(Records from a dataset)

- - - - - - -

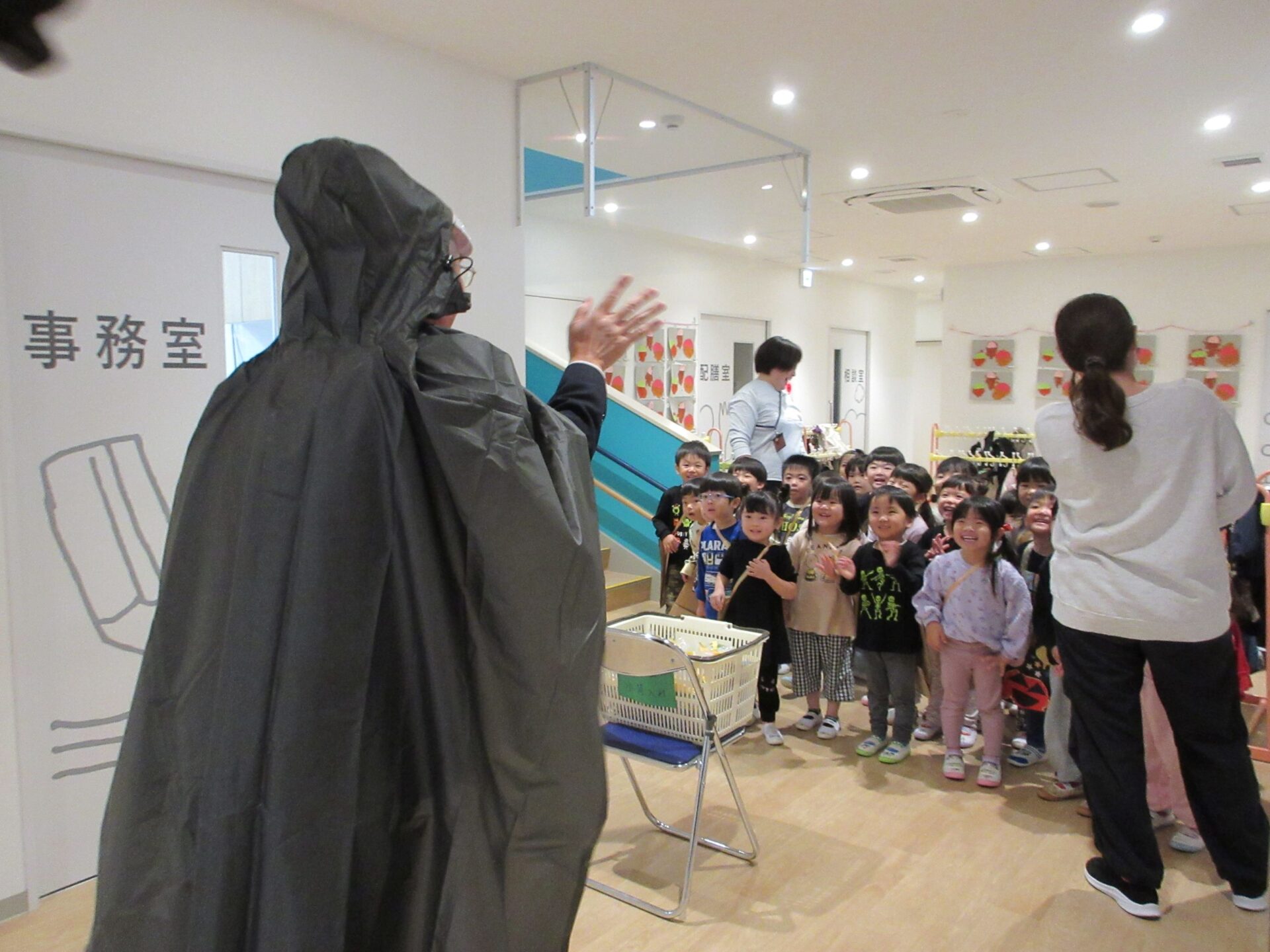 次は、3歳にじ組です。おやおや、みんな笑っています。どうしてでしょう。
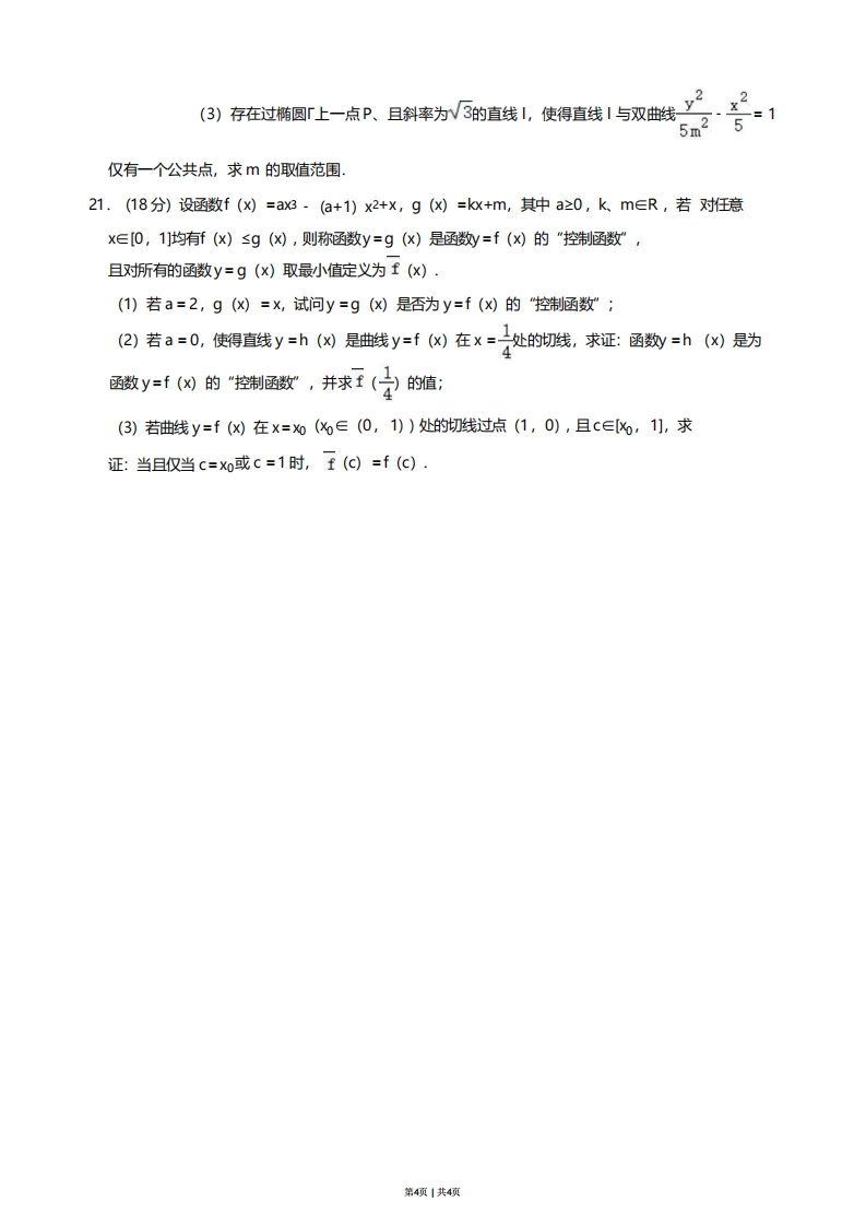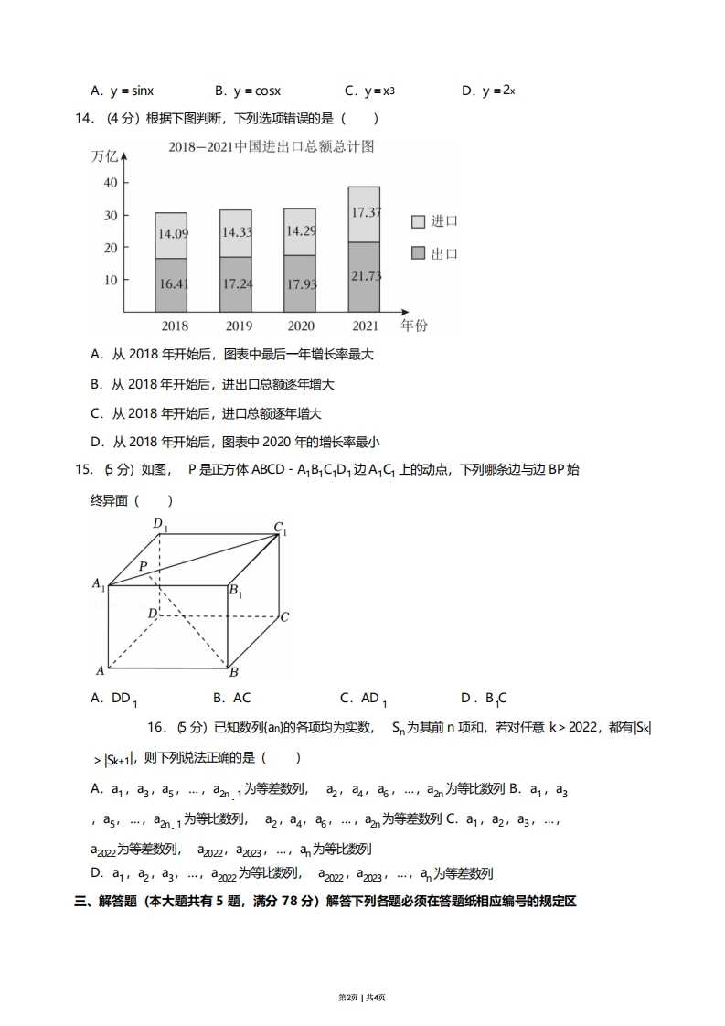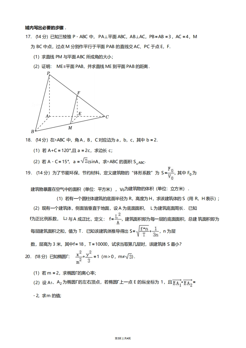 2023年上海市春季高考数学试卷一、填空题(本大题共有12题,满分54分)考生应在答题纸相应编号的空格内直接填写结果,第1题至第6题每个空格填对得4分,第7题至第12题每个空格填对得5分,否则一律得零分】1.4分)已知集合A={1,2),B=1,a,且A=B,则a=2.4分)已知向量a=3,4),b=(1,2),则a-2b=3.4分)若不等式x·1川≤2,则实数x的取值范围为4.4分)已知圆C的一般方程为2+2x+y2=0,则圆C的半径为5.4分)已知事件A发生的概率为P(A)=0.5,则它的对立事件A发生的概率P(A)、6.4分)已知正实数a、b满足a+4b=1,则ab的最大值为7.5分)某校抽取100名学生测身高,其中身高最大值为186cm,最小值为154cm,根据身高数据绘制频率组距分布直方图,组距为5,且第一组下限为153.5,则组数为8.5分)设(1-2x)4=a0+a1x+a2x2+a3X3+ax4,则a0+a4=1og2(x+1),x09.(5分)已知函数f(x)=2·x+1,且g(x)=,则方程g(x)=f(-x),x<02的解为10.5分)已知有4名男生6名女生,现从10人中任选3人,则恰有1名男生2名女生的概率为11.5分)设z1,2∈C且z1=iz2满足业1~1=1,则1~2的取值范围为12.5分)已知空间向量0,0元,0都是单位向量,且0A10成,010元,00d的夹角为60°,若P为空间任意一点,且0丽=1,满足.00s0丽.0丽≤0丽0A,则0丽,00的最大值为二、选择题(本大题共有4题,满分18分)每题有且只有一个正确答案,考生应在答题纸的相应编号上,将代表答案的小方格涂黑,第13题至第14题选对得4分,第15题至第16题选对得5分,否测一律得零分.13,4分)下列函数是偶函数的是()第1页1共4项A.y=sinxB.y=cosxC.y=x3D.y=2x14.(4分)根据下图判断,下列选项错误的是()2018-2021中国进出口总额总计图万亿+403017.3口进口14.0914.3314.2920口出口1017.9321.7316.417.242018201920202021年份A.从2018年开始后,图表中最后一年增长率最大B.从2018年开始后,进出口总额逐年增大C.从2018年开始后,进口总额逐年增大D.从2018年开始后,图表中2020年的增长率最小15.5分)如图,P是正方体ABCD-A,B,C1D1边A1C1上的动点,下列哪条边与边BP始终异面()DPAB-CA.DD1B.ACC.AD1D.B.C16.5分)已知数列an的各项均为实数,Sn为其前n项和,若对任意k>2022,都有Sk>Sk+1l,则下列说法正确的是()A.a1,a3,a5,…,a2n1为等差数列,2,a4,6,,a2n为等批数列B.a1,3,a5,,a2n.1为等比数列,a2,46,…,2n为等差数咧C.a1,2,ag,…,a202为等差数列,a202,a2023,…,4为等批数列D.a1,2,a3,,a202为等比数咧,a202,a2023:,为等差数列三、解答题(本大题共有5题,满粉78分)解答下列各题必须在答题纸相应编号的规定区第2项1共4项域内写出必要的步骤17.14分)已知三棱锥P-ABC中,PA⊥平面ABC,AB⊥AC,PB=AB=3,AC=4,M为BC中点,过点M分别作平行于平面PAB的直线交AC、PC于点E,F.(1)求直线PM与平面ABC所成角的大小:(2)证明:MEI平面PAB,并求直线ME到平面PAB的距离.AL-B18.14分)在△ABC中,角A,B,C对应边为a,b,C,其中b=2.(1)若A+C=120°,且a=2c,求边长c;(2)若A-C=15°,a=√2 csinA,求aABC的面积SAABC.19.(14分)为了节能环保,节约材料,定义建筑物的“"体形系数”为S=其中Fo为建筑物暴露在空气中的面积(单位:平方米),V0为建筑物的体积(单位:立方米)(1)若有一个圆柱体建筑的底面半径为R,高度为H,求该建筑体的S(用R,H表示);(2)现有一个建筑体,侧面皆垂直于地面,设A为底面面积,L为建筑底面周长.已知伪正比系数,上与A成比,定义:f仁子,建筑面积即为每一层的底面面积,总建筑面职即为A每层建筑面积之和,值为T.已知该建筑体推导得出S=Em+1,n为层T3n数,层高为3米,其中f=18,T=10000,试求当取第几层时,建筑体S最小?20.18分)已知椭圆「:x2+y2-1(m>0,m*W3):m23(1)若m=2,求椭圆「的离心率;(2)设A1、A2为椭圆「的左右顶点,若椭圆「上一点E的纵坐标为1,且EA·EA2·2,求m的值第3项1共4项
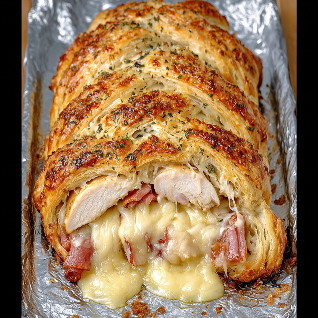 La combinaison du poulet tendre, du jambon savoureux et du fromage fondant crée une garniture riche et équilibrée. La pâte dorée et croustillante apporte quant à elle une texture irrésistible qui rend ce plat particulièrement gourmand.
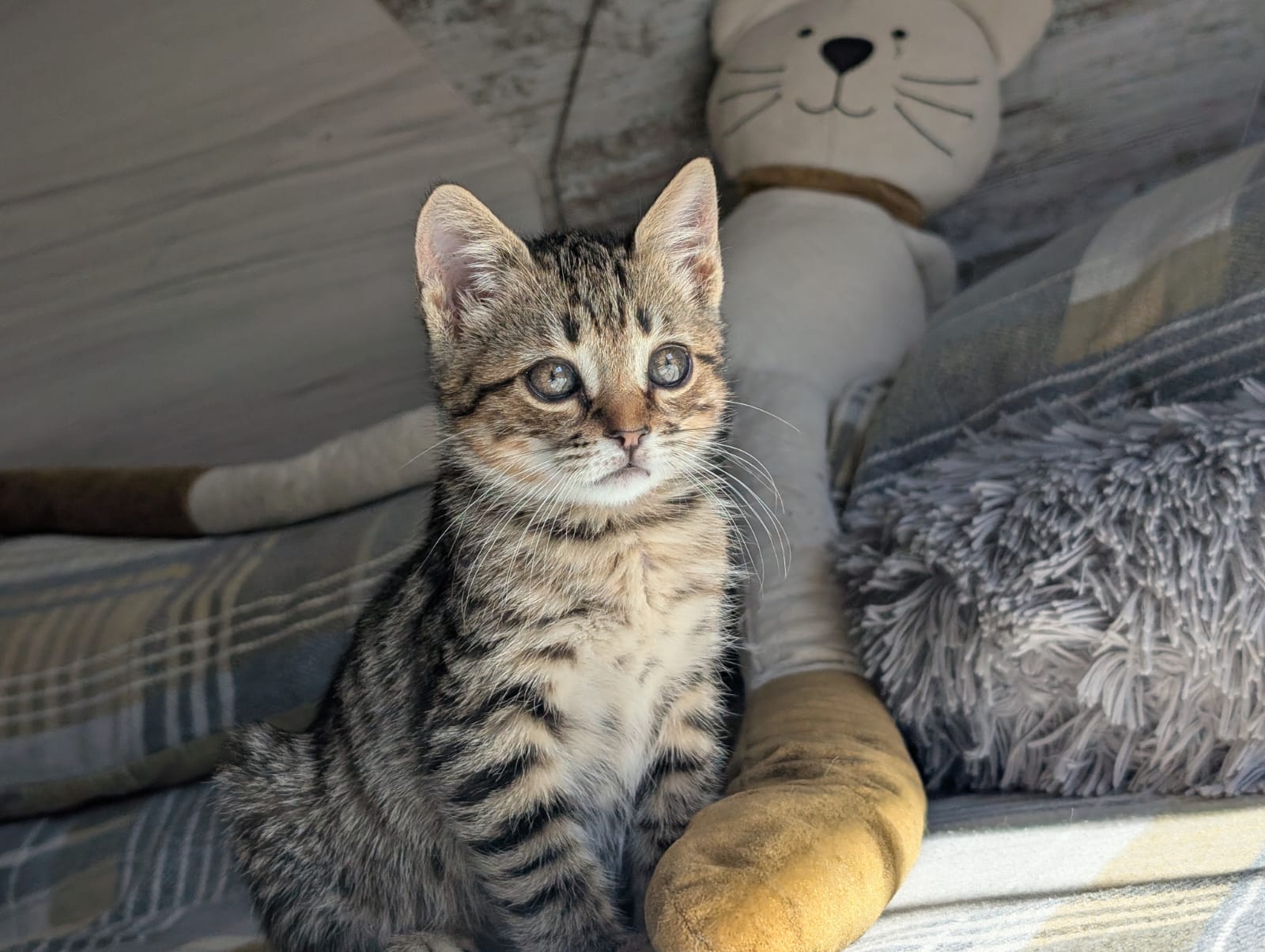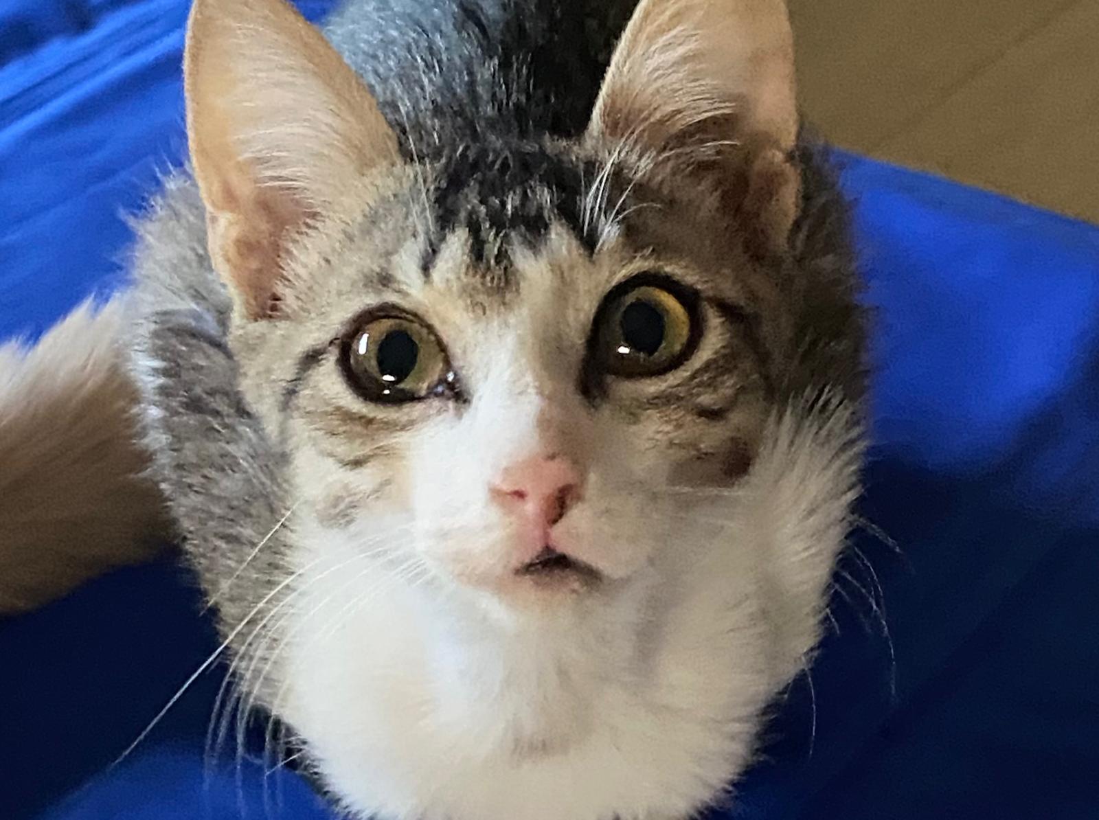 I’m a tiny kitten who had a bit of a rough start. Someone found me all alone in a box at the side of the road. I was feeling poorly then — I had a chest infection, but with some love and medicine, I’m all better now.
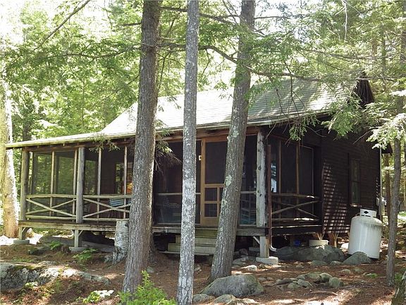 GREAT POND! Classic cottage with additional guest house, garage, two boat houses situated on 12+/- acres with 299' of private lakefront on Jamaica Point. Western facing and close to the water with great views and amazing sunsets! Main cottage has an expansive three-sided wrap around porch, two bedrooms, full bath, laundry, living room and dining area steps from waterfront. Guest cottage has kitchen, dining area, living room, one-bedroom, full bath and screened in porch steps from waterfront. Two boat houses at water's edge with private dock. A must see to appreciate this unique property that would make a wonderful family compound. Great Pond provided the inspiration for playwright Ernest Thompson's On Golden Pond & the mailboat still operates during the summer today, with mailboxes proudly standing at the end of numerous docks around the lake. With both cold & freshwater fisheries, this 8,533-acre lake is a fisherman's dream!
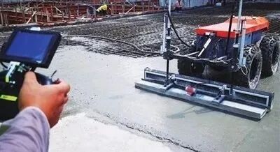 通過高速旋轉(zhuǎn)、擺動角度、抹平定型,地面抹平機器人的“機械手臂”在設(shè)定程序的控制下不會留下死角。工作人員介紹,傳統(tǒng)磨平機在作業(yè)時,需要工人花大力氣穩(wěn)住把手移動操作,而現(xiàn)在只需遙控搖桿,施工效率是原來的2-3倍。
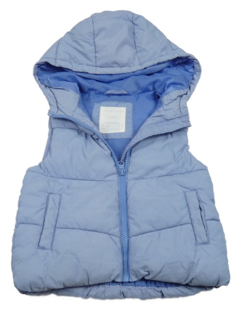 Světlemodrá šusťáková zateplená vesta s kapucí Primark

- - - - - - -

(Work to be completed): Output each record exactly as it appears, but not the pictures.

(Solved exercise):
 次は、3歳にじ組です。おやおや、みんな笑っています。どうしてでしょう。
 2023年上海市春季高考数学试卷一、填空题(本大题共有12题,满分54分)考生应在答题纸相应编号的空格内直接填写结果,第1题至第6题每个空格填对得4分,第7题至第12题每个空格填对得5分,否则一律得零分】1.4分)已知集合A={1,2),B=1,a,且A=B,则a=2.4分)已知向量a=3,4),b=(1,2),则a-2b=3.4分)若不等式x·1川≤2,则实数x的取值范围为4.4分)已知圆C的一般方程为2+2x+y2=0,则圆C的半径为5.4分)已知事件A发生的概率为P(A)=0.5,则它的对立事件A发生的概率P(A)、6.4分)已知正实数a、b满足a+4b=1,则ab的最大值为7.5分)某校抽取100名学生测身高,其中身高最大值为186cm,最小值为154cm,根据身高数据绘制频率组距分布直方图,组距为5,且第一组下限为153.5,则组数为8.5分)设(1-2x)4=a0+a1x+a2x2+a3X3+ax4,则a0+a4=1og2(x+1),x09.(5分)已知函数f(x)=2·x+1,且g(x)=,则方程g(x)=f(-x),x<02的解为10.5分)已知有4名男生6名女生,现从10人中任选3人,则恰有1名男生2名女生的概率为11.5分)设z1,2∈C且z1=iz2满足业1~1=1,则1~2的取值范围为12.5分)已知空间向量0,0元,0都是单位向量,且0A10成,010元,00d的夹角为60°,若P为空间任意一点,且0丽=1,满足.00s0丽.0丽≤0丽0A,则0丽,00的最大值为二、选择题(本大题共有4题,满分18分)每题有且只有一个正确答案,考生应在答题纸的相应编号上,将代表答案的小方格涂黑,第13题至第14题选对得4分,第15题至第16题选对得5分,否测一律得零分.13,4分)下列函数是偶函数的是()第1页1共4项A.y=sinxB.y=cosxC.y=x3D.y=2x14.(4分)根据下图判断,下列选项错误的是()2018-2021中国进出口总额总计图万亿+403017.3口进口14.0914.3314.2920口出口1017.9321.7316.417.242018201920202021年份A.从2018年开始后,图表中最后一年增长率最大B.从2018年开始后,进出口总额逐年增大C.从2018年开始后,进口总额逐年增大D.从2018年开始后,图表中2020年的增长率最小15.5分)如图,P是正方体ABCD-A,B,C1D1边A1C1上的动点,下列哪条边与边BP始终异面()DPAB-CA.DD1B.ACC.AD1D.B.C16.5分)已知数列an的各项均为实数,Sn为其前n项和,若对任意k>2022,都有Sk>Sk+1l,则下列说法正确的是()A.a1,a3,a5,…,a2n1为等差数列,2,a4,6,,a2n为等批数列B.a1,3,a5,,a2n.1为等比数列,a2,46,…,2n为等差数咧C.a1,2,ag,…,a202为等差数列,a202,a2023,…,4为等批数列D.a1,2,a3,,a202为等比数咧,a202,a2023:,为等差数列三、解答题(本大题共有5题,满粉78分)解答下列各题必须在答题纸相应编号的规定区第2项1共4项域内写出必要的步骤17.14分)已知三棱锥P-ABC中,PA⊥平面ABC,AB⊥AC,PB=AB=3,AC=4,M为BC中点,过点M分别作平行于平面PAB的直线交AC、PC于点E,F.(1)求直线PM与平面ABC所成角的大小:(2)证明:MEI平面PAB,并求直线ME到平面PAB的距离.AL-B18.14分)在△ABC中,角A,B,C对应边为a,b,C,其中b=2.(1)若A+C=120°,且a=2c,求边长c;(2)若A-C=15°,a=√2 csinA,求aABC的面积SAABC.19.(14分)为了节能环保,节约材料,定义建筑物的“"体形系数”为S=其中Fo为建筑物暴露在空气中的面积(单位:平方米),V0为建筑物的体积(单位:立方米)(1)若有一个圆柱体建筑的底面半径为R,高度为H,求该建筑体的S(用R,H表示);(2)现有一个建筑体,侧面皆垂直于地面,设A为底面面积,L为建筑底面周长.已知伪正比系数,上与A成比,定义:f仁子,建筑面积即为每一层的底面面积,总建筑面职即为A每层建筑面积之和,值为T.已知该建筑体推导得出S=Em+1,n为层T3n数,层高为3米,其中f=18,T=10000,试求当取第几层时,建筑体S最小?20.18分)已知椭圆「:x2+y2-1(m>0,m*W3):m23(1)若m=2,求椭圆「的离心率;(2)设A1、A2为椭圆「的左右顶点,若椭圆「上一点E的纵坐标为1,且EA·EA2·2,求m的值第3项1共4项
 La combinaison du poulet tendre, du jambon savoureux et du fromage fondant crée une garniture riche et équilibrée. La pâte dorée et croustillante apporte quant à elle une texture irrésistible qui rend ce plat particulièrement gourmand.
 I’m a tiny kitten who had a bit of a rough start. Someone found me all alone in a box at the side of the road. I was feeling poorly then — I had a chest infection, but with some love and medicine, I’m all better now.
 GREAT POND! Classic cottage with additional guest house, garage, two boat houses situated on 12+/- acres with 299' of private lakefront on Jamaica Point. Western facing and close to the water with great views and amazing sunsets! Main cottage has an expansive three-sided wrap around porch, two bedrooms, full bath, laundry, living room and dining area steps from waterfront. Guest cottage has kitchen, dining area, living room, one-bedroom, full bath and screened in porch steps from waterfront. Two boat houses at water's edge with private dock. A must see to appreciate this unique property that would make a wonderful family compound. Great Pond provided the inspiration for playwright Ernest Thompson's On Golden Pond & the mailboat still operates during the summer today, with mailboxes proudly standing at the end of numerous docks around the lake. With both cold & freshwater fisheries, this 8,533-acre lake is a fisherman's dream!
 通過高速旋轉(zhuǎn)、擺動角度、抹平定型,地面抹平機器人的“機械手臂”在設(shè)定程序的控制下不會留下死角。工作人員介紹,傳統(tǒng)磨平機在作業(yè)時,需要工人花大力氣穩(wěn)住把手移動操作,而現(xiàn)在只需遙控搖桿,施工效率是原來的2-3倍。
 Světlemodrá šusťáková zateplená vesta s kapucí Primark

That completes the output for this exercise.